That single ranking changes how you think about rebalancing. If most of your bike redistribution is happening at convenient times for the operations team mid-morning, early afternoon, lunchtime, you’re rebalancing during the calmest part of the day. The pressure window is 16:00–18:00, and it builds gradually from 06:00. The actionable version of that finding is: rebalancing crews should be deployed heaviest in the late afternoon, not the middle of the day. That’s a specific operational recommendation that fell out of one chart.

For a transport operator, time of day matters as much as location. The dashboard surfaces both, but the hourly view is the one operators tend to undervalue until they see it laid out properly.

The reasoning behind treating the hourly view as its own operational layer is explained in more detail in this article on hourly demand patterns in transport.

What the Route Map Showed (And What It Did Not)

The geospatial layer was the most visually impressive part of the Citi Bike case study and the easiest to get wrong. The first version of the route map showed every station-to-station pair in the dataset. The visual was striking, a dense web of lines across Manhattan, Brooklyn, and parts of Queens, but analytically useless. There was too much noise to see anything.

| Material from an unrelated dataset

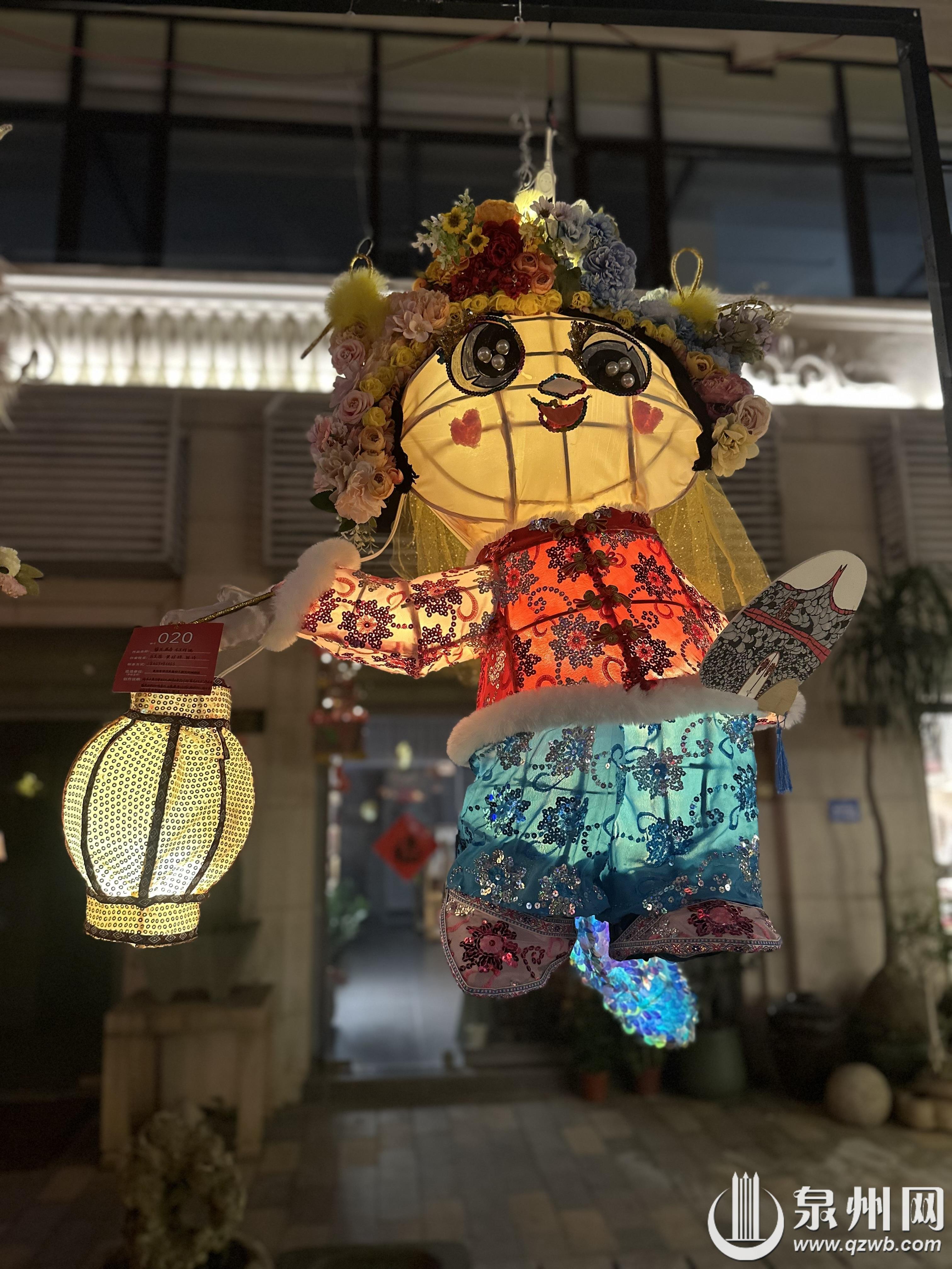 元宵期间,南少林文武坊展出了丰泽辖区内幼儿园、小学制作的世遗泉州龙年主题花灯及其他特色花灯600盏。从头戴簪花的龙形花灯,到左手持渔网右手拿箩筐的惠安女座灯,再到象征年年有余好运来临的锦鲤灯,无一不展示了学生们天马行空的想象力。学生们在传统的元宵花灯中加入当下流行的簪花、福船、“十龙九子”艺术装置等泉州元素。除了传统花灯中使用的各色布料、彩纸、流苏等材料,现场不少花灯利用生活中常见的泡沫、钢丝球、箩筐等物品,加以巧思,绘上彩画,摇身一变成为一盏盏独具特色的精美花灯。

The fix was filtering: show only station pairs with at least 750 total trips across the year. That filter reduced the map to 2,925 high-volume station pairs, which is still a lot, but it concentrated on routes that actually mattered. Single one-off trips disappeared. Recurring corridors became visible. Some of the most important operational insights came from filtering noise out of the map, not from adding more visual complexity.

The broader case for using geospatial analysis over spreadsheets in transport operations is worth its own article, the short version is that spreadsheets can’t show you a corridor.

The filtered map revealed something I didn’t expect: many of the highest-volume station pairs were trips that started and ended at the same station. Central Park S & 6 Ave → Central Park S & 6 Ave appeared 11,999 times. 7 Ave & Central Park South → 7 Ave & Central Park South: 8,516 times. Roosevelt Island Tramway → Roosevelt Island Tramway: 8,151 times.

These are not commuter trips. They’re recreational loops, tourists, casual riders, joggers who switched to a bike halfway through. That changes the operational picture significantly. Stations with high same station loop volume need a different rebalancing strategy than commuter stations, because the bike returns to the same dock instead of accumulating downstream. The map also confirmed dense activity along Manhattan’s north-south corridors and waterfront-connected routes, suggesting that station expansion should follow demonstrated movement patterns rather than even geographic spacing.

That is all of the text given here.